Talks about a single Europe-wide patent have been on the agenda since more than 60 years, but political concerns have always been in the way. The proposal of the EU Council gives hope for a solution in the near future. One often quoted problem seems to be the choice of language (English, French and German) where some countries feel disadvantaged. However, some may say this argument is just an excuse, the real problem of blocking comes from all national patent offices who fear to lose they power. Following up to the IP Summit in Brussels last Friday, where the EU patent among other topics was discussed, I sum up current views and discussions among relevant stakeholders from politics, industry and academia.

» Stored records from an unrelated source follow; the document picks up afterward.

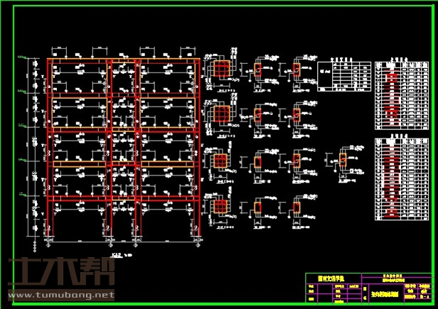 建筑长54.6m,宽17.4m.一榀框架首层层高5m,二至五层3.3m,柱距7.6m,3跨,跨度6m,2.4m,6m;
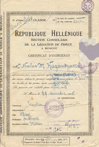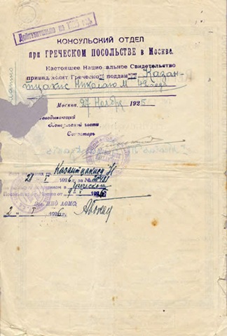 Πιστοποιητικό ιθαγένειας για το ταξίδι του στη Ρωσία.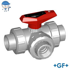 3-Way ball valve type 543 PVC-C L-port With solvent cement spigots metric

People often get confused when discussions about the EU patent arise, since the difference to the current EPO patent is not always clear. If the EPO grants a patent today, the patent must still be put in force for all desired European nations. This procedure is very expensive since costs of obtaining a patent arises for each nation. Not only the initial costs have to be taken into account, but also maintenance and management of the patent portfolio in each country, with a different language and different legal systems. IP enforcement in litigation e.g. can increase costs even more. Especially SMEs are currently disadvantaged since they are often not able to afford these cost, whereas a US based SMEs for instance face lower cost for a greater market. When comparing market size, EU based SMEs have to enforce their patents in the 6 biggest countries and thus face six times higher costs than a US equivalent. Sometimes this even leads to the development that European firms file their patents in the US and not in Europe, meaning they also postpone their markets to the US.
Some may argue however that it is less expensive to litigate in Europe than in the US. Again in view of an SME that gets 50% of fee reduction in the US, this objection is not as strong as it seems. It became clear that when discussing about patent cost (application, maintenance, renewal or enforcement/litigation) one also has to take a ratio of these cost to the respective market size of each country or region.

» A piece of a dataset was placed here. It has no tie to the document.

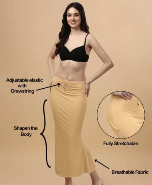 The Saree Shapewear Is Designed With A Targeted Compression To Smoothen Out And Flatter Your Abdomen, Thighs And Back, Making You Look Slimmer. Featuring A Seamless Waistband That Is Strong Enough To To Hold The Saree Tucks. A Side Slit On The Hemline For An Easy Movement. Unlike Other Available Saree Shape Wears, The Slits Are Thoughtfully Designed And Do Not Curve Outwards Giving Any Undesirable Perky Shapes At The Bottom. Crafted With 90% Lycra And 10% Spandex To Retain Its Shape. Can Be Worn Instead Of A Petticoat Or Under The Petticoat. Anti Chafing Thigh Band.

Another harm of the current system is a lag of quality, since the EPO runs in parallel with the national systems. Patent grant is independent from each other. Firms which fail to grant an EPO patent can still go to their national offices, or even worst file in parallel in both offices.

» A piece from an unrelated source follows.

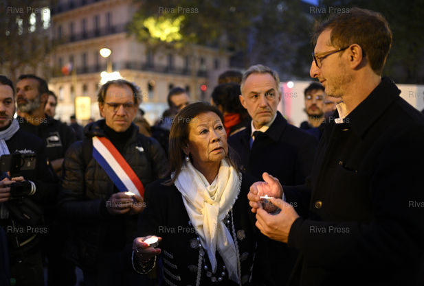 Légende : Rassemblement en la mémoire du cycliste Paul Varry, mortellement percuté par un automobiliste en SUV roulant sur une piste cyclable à la suite d'une altercation il y a un an à Paris. La Sécurité routière lance une campagne contre l'agressivité au volant. En présence de Jeanne d'Hauteserre, maire du 8e arrondissement, Emmanuel Grégoire, député et candidat à la Marie de Paris, Ariel Weil, maire de Paris-Centre /// Rally in memory of cyclist Paul Varry, fatally struck by a driver in an SUV driving on a cycle path following an altercation a year ago in Paris. Road safety launches a campaign against aggressive driving. With Jeanne d'Hauteserre, mayor of the 8th arrondissement, Emmanuel Grégoire, MP, candidate for Mayor of Paris, Ariel Weil, mayor of Paris-Centre - Paris - 15/10/2025 - Photo © Lionel Préau +33 (0)6 68 12 83 77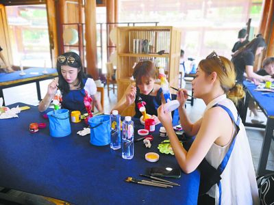 游客在博物馆参与刘三姐对歌公仔上色体验活动 郭凯倩 摄

However, the EU-patent would introduce a third system on top of the two existing systems. The fear is that this would even decrease efficiency and transparency. The plan is to introduce a separate and centralized court, as planed in the European Patent Litigation Agreement (EPLA), that would deal with nullity suits and infringement. This would prevent forum shopping and might also solve problems of transparency, litigation costs or language.
Experts hope for a positive decision for next year, where especially strong nations such as France and Germany are in the lead to push the topic.
Among the EU patent topic other concerns were made about patent quality. Especially to solve the problem of transparency and to conduct a better search of prior art, e.g. to prevent patent trolls, experts call for language translations of patent applications. In addition manufacturers criticized lengthy patent pending that can be fostered by e.g. overdone claims, amendments or divisional. However, manufacturing firms are often behaving the same way. For every individual there seem to be the incentive to increase the pending periods. This causes problems for the whole system . A typical dilemma!